“El tiempo pasa muy deprisa”. Más que una frase es como una sentencia que
usamos con frecuencia. Puede tener muchos sentidos, casi infinidad de
traducciones que van íntimamente ligadas a momentos o experiencias que
atravesamos, o hechos vividos en otro tiempo pero que ni el tiempo transcurrido
ha sido capaz de borrar. Son pocas palabras pero pueden encerrar grandes o
pequeños episodios, trascendentes o intrascendentes, felices o lamentables,
turbios o añorados. Muchas veces se dicen en voz baja, otras sin abrir los
labios para que nadie pueda preguntarte el origen de tus balbuceos.
Somos prisioneros de nuestro pasado y de todas las
huellas que hayamos podido dejar en él. Como seres vivos y mutantes, lo que un
día nos sedujo y nos involucramos hasta las meninges puede que hoy lo veamos
con arrepentimiento y hasta con cierta indolencia. Por el contrario, también es
posible que lo recordemos con nostalgia y extrañemos su ausencia, lamentando el tiempo transcurrido.

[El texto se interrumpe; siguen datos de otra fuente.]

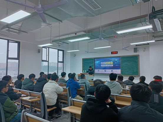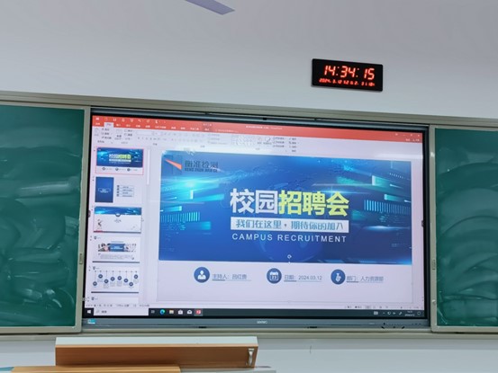 招聘会伊始,公司负责人吕红贵以一段视频宣传片展示了公司的发展历程、发展战略和运营情况。随后,以同学们较为关心的规章制度、岗位介绍、福利待遇、发展前景等几个方面做出了详细介绍。在招聘过程中,现场气氛活跃,毕业生们都手持自己精心准备的简历,认真聆听公司负责人的讲解,积极与宣讲人互动,并且询问他们普遍关心的个人发展、食宿安排、实习培训等相关问题。宣讲人用实际案例针对同学们关心的问题做了详细的解答。此外,公司2019级毕业生陈祖乾以自身的亲身经历,为2020级同学们答疑解惑,提供帮助。

Ciertamente, para bien o para mal, el tiempo pasa muy deprisa.
El refranero popular ilustra con sapiencia todos
estos estados de ànimo: “Agua que no has
de beber, déjala correr, A lo hecho pecho, Faena hecha no ocupa lugar, Haber
gato encerrado, La cabra siempre tira al monte, Ir a por lana y volver
trasquilado, Más vale lo malo conocido que lo bueno por conocer, No hay mal que
por bien no venga, Ojos que no ven corazón que no siente, Quien escucha, su mal
oye, Quien siembra vientos recoge tempestades”. Los hay para todos los
gustos y circunstancias y lo curioso de ello es que aplicados con rigor y
naturalidad suelen dar en el clavo, ajustarse a hechos o momentos de nuestra
vida. Ya saben, Sabe más el diablo por
viejo que por diablo.
Es cierto que están en desuso, y no porque sean
estériles sino porque al igual que nosotros somos cambiantes con la edad y el
tiempo, la literatura que nace del saber popular ya no se hace necesaria, es
como una antigualla que yo sigo considerando vigente pero comprendiendo su
decrepitud. Por no decir que las circunstancias y tiempos en que nacieron han
pasado a mejor vida. En los hogares de otros tiempos la sabiduría del abuelo y
la abuela eran rasgos respetados y prestigiados que pasaban de padres a hijos
como si de herencias no escritas se tratase y de gran valor. Aunque
prácticamente ya casi no queda ni respeto por los abuelos. Todo está
materializado y a la gente no le queda tiempo para cuentos chinos.
Desgraciadamente los abuelos tampoco ya cuentan con aquel saber popular, poco
que contar, nada que enseñar, y un poco de espaldas a nuestro tiempo. Es tal la
velocidad con la que se suceden los acontecimientos que ni se digieren, ni se
entienden, ni ya interesan en la edad de la contemplación, de la melancolía, de
esa envidia insana por la juventud perdida y de los sueños olvidados.
Si, el tiempo pasa muy deprisa, y aunque sea una
utopía la verdad es que cada vez percibes más como los días menguan, se acortan
las etapas, la fugacidad de los buenos momentos se constriñe. Por eso cuando
alguien pronuncia con nostalgia ese huido tiempo pasado, aquellos tiempos en
que uno creyó que se le abrieron las puertas de todos los cielos, el tiempo pasa muy deprisa, creo que en el fondo están
reconociendo errores de su vida, equívocos en el camino escogido. Como el
primer beso, literariamente se quiere recubrir como la arcadia de la felicidad,
de la honestidad, de la pureza. Y esos errores se dan en el trabajo, en las
apuestas de futuro, en el amor. Cuantas veces se alude a la velocidad con que
transcurre el tiempo para no decir que error cometí al no creer en él, o
ella, qué insensato fui al huir de lo
que ahora añoro y sueño cada día, qué iluso fui, y ahora me veo obligado a
vivir con dos caras. Con dos vidas opuestas. “Ojos que no ven, corazón que no siente”.